Friday, April 16, 2021

Frame Study -‘The Great Dictator’ (by Charlie Chaplin)

Hello Beautiful People,

I am Riddhi Bhatt. And yes, today I am coming with something interesting.  This thinking activity task about Frame Study of ‘The Great Dictator’ by Charlie Chaplin. This is assigned by Prof. Dr. Dilip Barad sir, Head of the English Department of Maharaja Krishnkumarsinhji Bhavsinhji Bhavangar University (MKBU).

As a part of syllabus, students of English department are learning the paper called History of English literature 1900-2000 (paper-110). So, let’s start friends. As we all know that this literature had a larger impact of industrialization and World War I and II. This particular blog is designed to read the frames of "The GreatDictator" movie. Directed, Produced and Written and Starred by the great Charlie Chaplin.

Charlie Chaplin is understood to have confided to his friends that, had he known about the full horrors of the Nazi regime, he would probably not have got around to making The Great Dictator. “There are things in our century that wipe away even the most poisonous smile from the face of the most passionate satirist,” wrote one of the 20th century’s foremost historians. He was referring to Karl Kraus, the great Austrian journalist-polemicist-satirist, whose book The Last Days of Mankind, written in the inter-war years, is a 20th-century classic.  When it came to lampooning National Socialism and Adolf Hitler, Kraus says, “nothing occurs to me”. A little later, he adds: “The word fell asleep when that world awoke.”

When the Holocaust became common knowledge, Chaplin must have also felt that his craft was inadequate to render Hitler’s world in any known cinematic genre – political satire or vaudeville, burlesque or tragedy. The Great Dictator was conceptualized and filmed when it was still possible to make fun of the Fuehrer.
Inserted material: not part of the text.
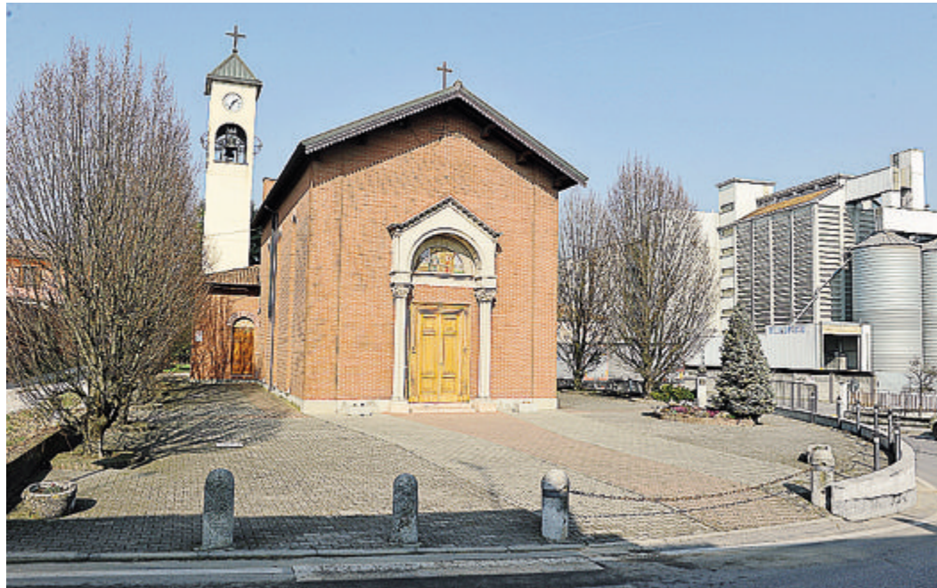
Casoni di Borghetto è l'unica parrocchia nella diocesi di Lodi dedicata a San Giuseppe: la chiesa fu eretta nel 1922

L'unica parrocchia a lui intitolata è quella di Casoni di Borghetto

“This is a story of a period between two World Wars—an interim in which Insanity cut loose. Liberty took a nosedive, and Humanity was kicked around somewhat.”

 

History

The Great Dictatir

Adolf Hitler (Dictator of Germany)

Adenoid Hynkel(Dictator of Tomainia)

Joseph Goebbels (Minister of Propaganda)

Garbitsch- Garbage

Hermann Goring (Minister of War)

Herring

Benito Mussolini (Dictator of Italy)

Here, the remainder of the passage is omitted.